DGL enables high-performance implementations of symmetry-aware 3D models like the SE(3)-Transformer, which were previously limited to NVIDIA GPUs. This port demonstrates that these models can now run efficiently on AMD Instinct GPUs with ROCm, achieving the same model behavior and accuracy without modification.

This post showcases the latest release of the port, which includes the following enhancements:

ROCm branch synced with the latest release in DGL: full feature parity with the main DGL project in the latest release.
Support for ROCm 7: Includes significant kernel performance improvements, expanded hardware support, and updated developer tooling.
GraphBolt integration on ROCm: Enables high-throughput graph sampling and efficient scaling across multiple GPUs, addressing a main bottleneck in large-scale GNN training.

In the sections that follow, you will learn how DGL can power SE(3)-Transformers to solve computationally intensive problems involving 3D equivariant objects, follow a step-by-step guide to build and run examples on AMD hardware and review benchmark results comparing relative performance between NVIDIA H100 and AMD Instinct MI300X GPUs.

SE(3)-Transformers and DGL#

Point clouds appear in numerous domain, ranging from 3D object scans and molecular structures to N-body particle simulations. They vary in both size and sampling density depending on the problem. Determining neural architectures that handle a variable number of points, respect irregular sampling, and remain unaffected by global changes in pose (translations and rotations) is nontrivial. A crucial property for this class of problems is global pose invariance: the model’s output should remain unchanged under any translation or rotation of the 3D point cloud.

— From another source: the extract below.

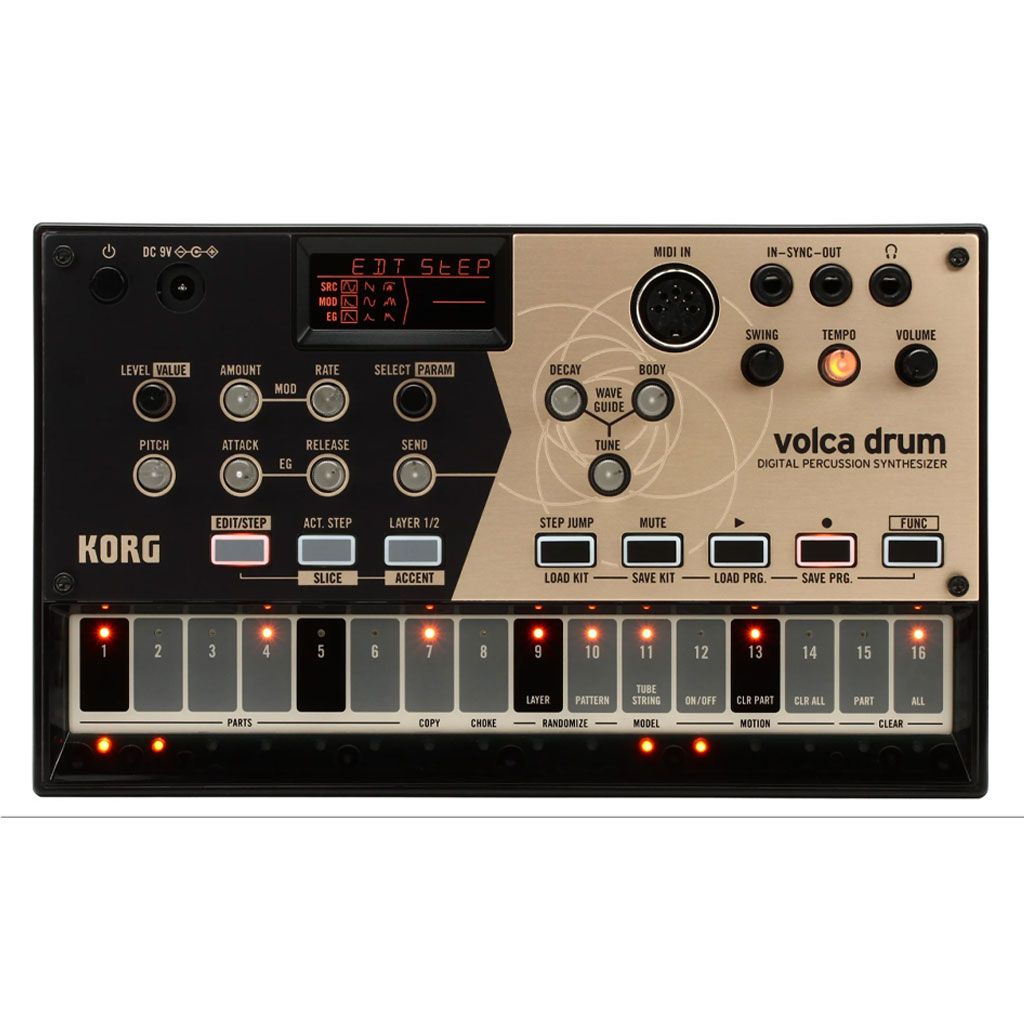 Korg Volca Drum đi kèm với một sequencer 16-step mạnh mẽ, giúp ae dễ dàng tạo ra các mẫu trống và nhịp điệu phức tạp. Sequencer này cho phép ae lập trình các mẫu âm thanh trống theo ý muốn, tạo ra các pattern đa dạng và phong phú. Ngoài ra, thiết bị còn hỗ trợ các tính năng như shuffle, swing và thêm các hiệu ứng mod, giúp ae tạo ra những giai điệu trống đầy sáng tạo và động.

SE(3)-Transformer tackles these challenges by enforcing equivariance within the self-attention mechanism. It treats self-attention as a data-dependent filter tailored to sparse, non-voxelized point sets, while explicitly leveraging the symmetries of the underlying task. Constructing an SE(3)-Transformer for point clouds typically involves the following steps: forming a graph over the points, defining equivariant edge functions on that graph, propagating SE(3)-equivariant messages along the edges, and aggregating those messages to produce the final representations. This process involves complex graph representation and manipulation operations that standard deep learning model architectures such as the Transformer are not suitable for.

What You Get with DGL#

Conventional deep learning frameworks shine in domains like vision and language that use dense, grid-structured data, but they falter in domains inherently represented as graphs. DGL bridges this gap by prioritizing the graph as the core abstraction. Instead of squeezing graph computations into generic tensor workflows, it centers nodes, edges, neighborhoods, and connectivity in the programming model. Behind the scenes, DGL compiles these graph-first operations into sparse tensor computations, preserving the speed of frameworks like PyTorch while adding a semantic layer purpose-built for graphs.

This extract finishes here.